## Task goal:
Find the line below with "SMILES | Cn1nc(-c2ccccc2)cc1C(=O)Nc1ccc([C@H]2CNCCO2)cc1 |" and the line with "407 - حَدَّثَنَا". Output exactly those lines and everything between them, leaving out the pictures.

## Given records:
══════════

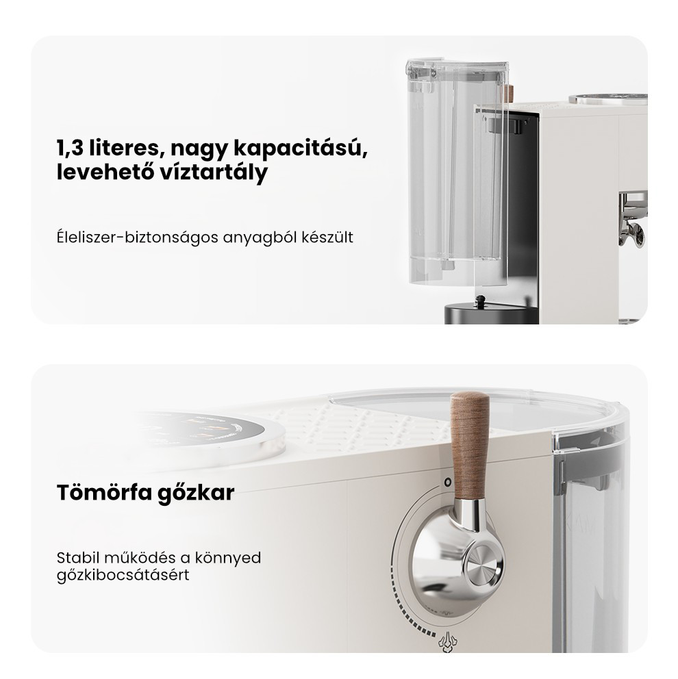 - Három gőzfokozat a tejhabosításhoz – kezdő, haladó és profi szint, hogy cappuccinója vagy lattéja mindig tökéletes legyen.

══════════

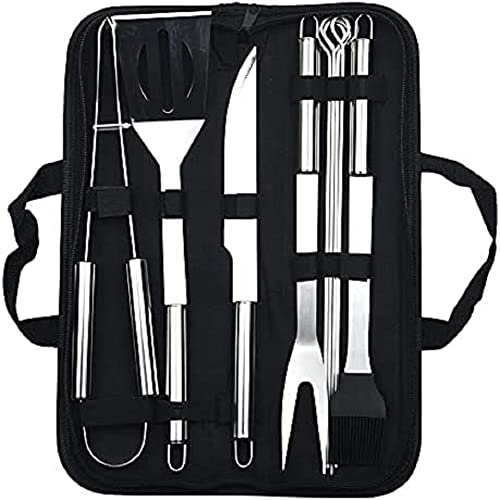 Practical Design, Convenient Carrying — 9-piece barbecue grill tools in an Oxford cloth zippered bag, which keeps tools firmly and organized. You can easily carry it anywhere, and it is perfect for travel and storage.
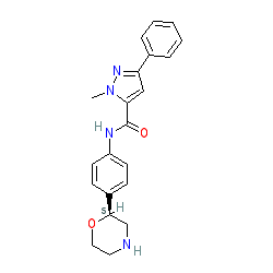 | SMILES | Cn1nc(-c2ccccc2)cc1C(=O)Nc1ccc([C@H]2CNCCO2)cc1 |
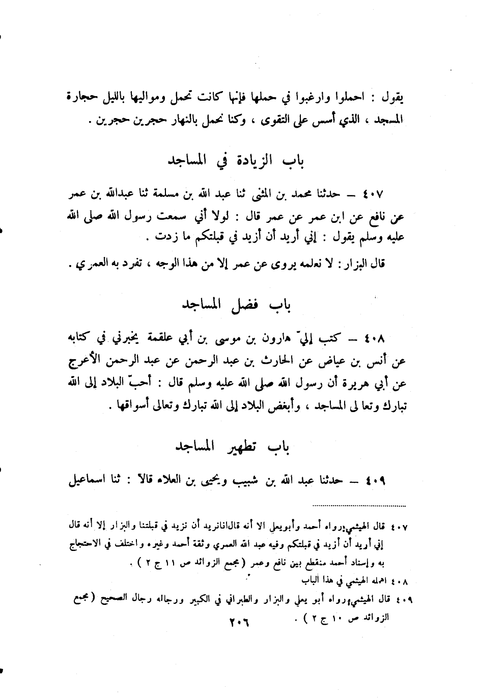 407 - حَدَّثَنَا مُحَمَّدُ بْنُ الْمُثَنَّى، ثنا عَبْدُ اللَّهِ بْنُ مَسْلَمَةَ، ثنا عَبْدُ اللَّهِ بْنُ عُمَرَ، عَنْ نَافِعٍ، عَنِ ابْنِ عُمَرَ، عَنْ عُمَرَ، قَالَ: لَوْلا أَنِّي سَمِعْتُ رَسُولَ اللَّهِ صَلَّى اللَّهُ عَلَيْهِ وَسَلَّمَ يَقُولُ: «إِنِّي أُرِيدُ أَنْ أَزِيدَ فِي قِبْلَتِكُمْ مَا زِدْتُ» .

══════════

## Final answer:
 | SMILES | Cn1nc(-c2ccccc2)cc1C(=O)Nc1ccc([C@H]2CNCCO2)cc1 |
 407 - حَدَّثَنَا مُحَمَّدُ بْنُ الْمُثَنَّى، ثنا عَبْدُ اللَّهِ بْنُ مَسْلَمَةَ، ثنا عَبْدُ اللَّهِ بْنُ عُمَرَ، عَنْ نَافِعٍ، عَنِ ابْنِ عُمَرَ، عَنْ عُمَرَ، قَالَ: لَوْلا أَنِّي سَمِعْتُ رَسُولَ اللَّهِ صَلَّى اللَّهُ عَلَيْهِ وَسَلَّمَ يَقُولُ: «إِنِّي أُرِيدُ أَنْ أَزِيدَ فِي قِبْلَتِكُمْ مَا زِدْتُ» .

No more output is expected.